A. Since spyware is a bigger problem today than viruses, and spyware is typically harder to find and get rid of, I suggest to start looking for spyware too.
Use Lavasoft's Ad-Aware and Spybot S&D - get the links to them from my web site - http://scriptco.net/secure.htm
*** B. Turn off System Restore
WinXP has a cool feature called System Restore. It is used to restore your computer to an earlier configuration in case of a problem. The only problem is that it wasn't made with parasites in mind, and often it can't tell the difference between an infected file and a good file, so it might automatically restore an infected file also if it had been in a protected area, effectively re-infecting your computer. Because of this, it is recommended to turn off System Restore before you test, and when you're done, turn it back on so you are still protected from standard computer problems.
Click Start.
Right-click the My Computer icon, and then click Properties.
Click the System Restore tab.
Check "Turn off System Restore" or "Turn off System Restore on all drives."
Click Apply.
When turning off System Restore, the existing restore points will be deleted.
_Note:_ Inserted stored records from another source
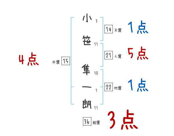 総運![]() | 小笹隼一朗さんの総運は36画の3つ星!先見性が豊かです。多少神経質で苦労することも。 あなたの人生を表す1番重要な運勢です。生涯を通じて影響する総合運となり、主に50歳以降の晩年期に影響を及ぼします。 |
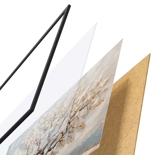El póster consta de marco, plexiglás, imagen impresa y soporte de aglomerado. El póster puede colgarse inmediatamente en la pared gracias a los soportes de la parte posterior.
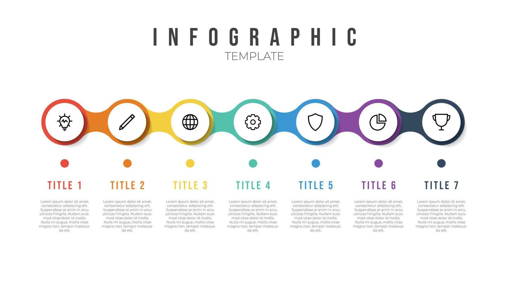 infographic list template element with horizontally 7 points and icons Pro Vector
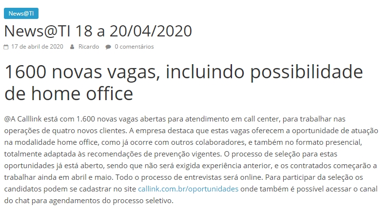 ONLINE - 1600 novas vagas, incluindo possibilidade de home office - (18/04)
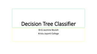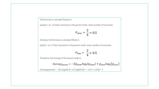 - An example calculates information gain for road type, obstruction, and speed limit variables to classify car speed. Speed limit has the highest information gain of 1 and is used to build the decision tree.
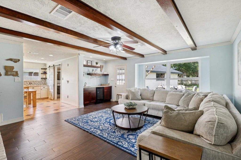 Welcome to this beautifully renovated ranch-style home, perfectly positioned in the heart of Friendswood on a quiet cul-de-sac. Offering 4–5 spacious bedrooms, 2.5 baths, and a flexible floor plan, this home combines comfort, functionality, and modern style. The main living area features warm exposed beams and flows effortlessly into a contemporary kitchen with granite countertops—perfect for both everyday living and entertaining. Recently updated in 2025, both bathrooms showcase stylish new tile finishes. Energy-efficient windows and a new roof installed in 2024 provide peace of mind and long-term value. Step outside to enjoy a large backyard with an extended patio, ideal for outdoor gatherings. There’s also additional parking—perfect for a boat, RV, or multiple vehicles. Flood insurance is transferable, adding an extra layer of convenience. Move-in ready and full of charm, this home is a rare opportunity in highly sought-after FISD. Schedule your tour today!
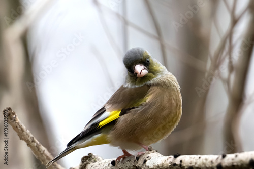 © KaWataru, Obraz premium Oriental greenfinch (Chloris sinica) tilting its head on a branch with copy space.
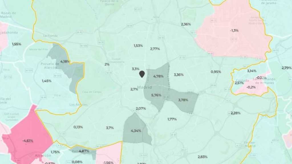 Tous les quartiers qui composent la ville de Madrid ont enregistré une augmentation des prix des logements au cours du dernier trimestre, à l’exception de Barajas, dont le prix a baissé de 1,3%.
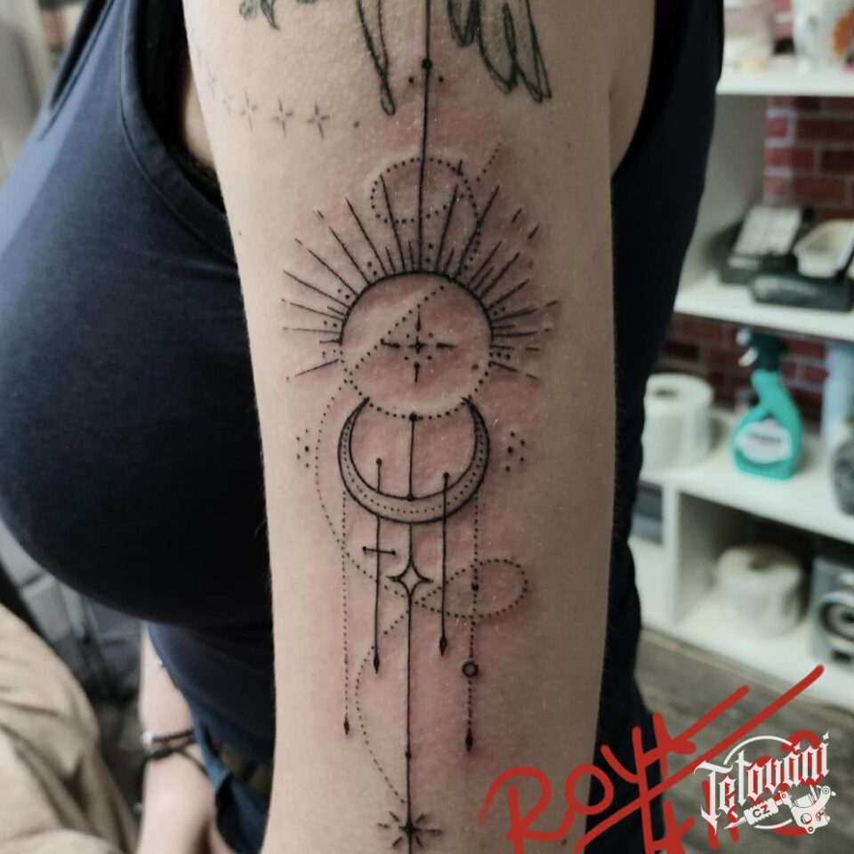 Tetování Slunce a Měsíc, ornamenty na paži
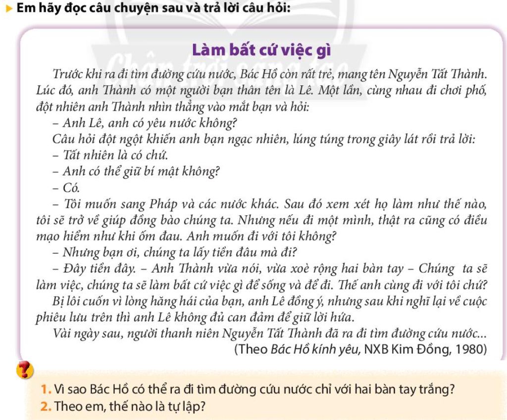 – Vì thế Bác Hồ có thể ra đi tìm đường cứu nước mặc dù chỉ với hai bàn tay trắng.

Click Yes to do this.
Click OK.
C. Windows Tip
Windows itself, by default, hides certain files, system folders or file extentions from the user to make it easier to navigate. If you are having to find an infected file or just one you are looking for, this can cause you to not find it. If you wish you may change this to show all of the files on your computer.
Open your My Computer icon (Either from your desktop or the Start Menu) Click the Tools menu and select Folder Options(on older systems it may be in the View menu) Select the View tab and scroll through the Advanced settings Enable or disable the following (using a checkmark to enable)
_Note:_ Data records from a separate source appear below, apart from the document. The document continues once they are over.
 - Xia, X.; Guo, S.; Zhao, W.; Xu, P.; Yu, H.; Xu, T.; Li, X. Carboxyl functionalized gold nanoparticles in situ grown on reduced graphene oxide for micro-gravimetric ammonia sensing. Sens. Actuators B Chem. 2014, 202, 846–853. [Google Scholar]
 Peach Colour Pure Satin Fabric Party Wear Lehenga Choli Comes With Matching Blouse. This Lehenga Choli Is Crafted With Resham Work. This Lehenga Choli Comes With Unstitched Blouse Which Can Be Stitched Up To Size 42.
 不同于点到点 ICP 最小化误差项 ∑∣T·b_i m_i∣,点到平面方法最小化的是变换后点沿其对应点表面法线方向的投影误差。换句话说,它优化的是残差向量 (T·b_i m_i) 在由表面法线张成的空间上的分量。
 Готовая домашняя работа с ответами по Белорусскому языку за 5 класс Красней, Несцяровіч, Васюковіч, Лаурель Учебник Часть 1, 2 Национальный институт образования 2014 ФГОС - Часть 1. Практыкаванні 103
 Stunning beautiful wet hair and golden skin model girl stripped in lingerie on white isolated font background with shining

enable - Show hidden files and folders
disable - Hide extentions for known file types
disable - Hide protected operating system files (WinME and WinXP only)
Now click Apply and Ok
========
D. How to find an embedded infection
AVG 7 Free now detects infections in areas that it was unable to before. The most notable are ones embedded inside of archives. Since AVG can't determine if you created the archive or if it was a parasite that created it, they leave these alone so you may have a chance to recover uninfected files from the archive and then you simply delete the archive when done. Infections that are inside of an archive aren't a direct threat to your system unless the file gets extracted to allow it to run. Grisoft has chose this method because it is safer for your data that the archive may contain.
For someone that is new to looking for these embedded infections, it can be a little confusing with the way that AVG will list the file because it also must include the archive file name that contains it in the full path/filename. The following is an example that I made up to highlight the info so you will know which filename to look for so you may either extract files and or delete the correct file. I will color code these for you, but AVG will not.
AVG will give you a name like...
C:\Windows\Temp\InfectedArchive.cab:\InfectedFile.exe
The location of the file is in C:\Windows\Temp The archive that contains the infection is InfectedArchive.cab And the actual infected file inside of the archive is InfectedFile.exe
Note the ":\" that seperates the archive from the file it contains. After you have recovered any files inside of the archive that you may want to keep (other than the infected one that is) just simple delete the whole archive.. in this example the file to delete would be InfectedArchive.cab
It looks harder than it really is.. just remember the file you want to look for is named just before the last ":\"
Most of the time, you won't have any files to recover inside of the archives. The only time this isn't true is if it is an archive that you had created yourself. If you didn't create it.. just delete and move on.